In Staten Island, where Garner lived, a black teen with asthma died in May after getting chased by a group of white teens. Investigators have declared the teen’s death only asthma-related, not racism-related. Garner’s death also has been pinned solely on his asthma, which led a grand jury to decline bringing charges against the police officers who put him in a chokehold that lasted for minutes. This despite the fact a medical examiner later called Garner’s death a homicide from “compressing of the chest” by police.

The New York Times reported that medical professionals and police officers on the scene believed Garner was faking when he was saying, “I can’t breathe,” as his life slipped away. This means his asthma problems weren’t taken seriously enough to keep him alive, but were taken seriously enough to keep the police who killed him out of jail.

Sze and Dillon write:

Moreover, the physical chokehold on Garner – the direct, overt violence by the police – was not recognized as a factor in his premature death. In a sense, then, the state criminalized Garner’s own body: his chronic illnesses and his socially-produced difficulties in breathing became the causes of his death. We find this criminalization of embodiment similar to the ways Michael Brown’s body, in Ferguson, Missouri, was described as a “demon” and like “Hulk Hogan” by the police officer who killed him — racist stereotypes that deprived Brown of his humanity. Whereas Brown’s body was too dangerous, Garner’s body was too sick (though the officer also feared him as large and menacing). In other words, the state individualized and blamed them for their own deaths, rather than situating them within a broader political geography of race and racism in the U.S.

This dangerous combo – environmental injustice and police brutality – goes beyond Staten Island: Think of how toxic lead levels in Baltimore echo the violence Freddie Gray experienced at the hands of police. Or how the petrochemicals from factories along “Cancer Alley” near Baton Rouge created a deadly living environment for Alton Sterling long before he lost his life to an officer’s bullet.

“We weren’t seeking to bring the traditional environmental angle to understand Eric Garner’s death, and we certainly weren’t trying to detract from the police as an institution and their role in killing him,” Dillon told CityLab. “We are trying to broaden the notion of what’s meant by the environment. Not just this idea of bringing our cities into harmony with ‘nature,’ but also the everyday environment of U.S. city streets, which are formed through … racial segregation such that in some places, life expectancy is higher than others, and are racially structured in ways that contribute to premature deaths.”

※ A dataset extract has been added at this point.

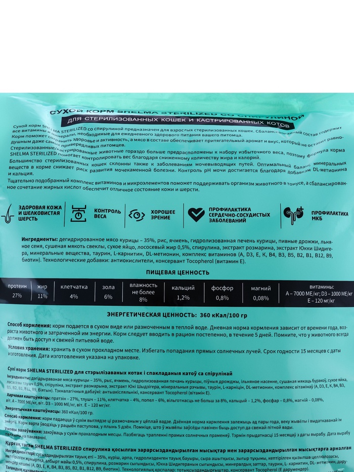 Стерилизованные/кастрированные животные гораздо больше предрасположены к набору избыточного веса, поэтому формула корма SHELMA STERILIZED помогает контролировать вес благодаря сниженному количеству жира и калорий.

In many ways, this is the approach the U.S. Department of Justice took in investigating the Ferguson Police Department after the unarmed African American teenager Michael Brown was killed by a police officer in 2014. Federal investigators didn’t look at the shooting in isolation. Rather, they took account of the myriad ways that the police department criminalized black life in Ferguson.

Last week, President Barack Obama hosted a town hall on race and policing, which Garner’s daughter Erica called a “farce.” She was present for the forum but wasn’t able to get a question in about the ongoing Justice Department investigation into her father’s death, which happened almost exactly two years ago. She’s still looking for answers, and no police officer has been criminally charged with killing her father. Perhaps the wider view taken by the Justice Department in the Ferguson case should be adopted to scrutinize the toxic environment in which Garner was living — worsened by police, as well.

“In my mind, as someone who has focused on antitoxics, toxic exposure is also a form of slow violence and slow death,” Dillon said. “So, for many people, the lived experience of police violence and toxic exposure – these different forms of physical vulnerability both live together. We have to think of them together instead of thinking of them separately.”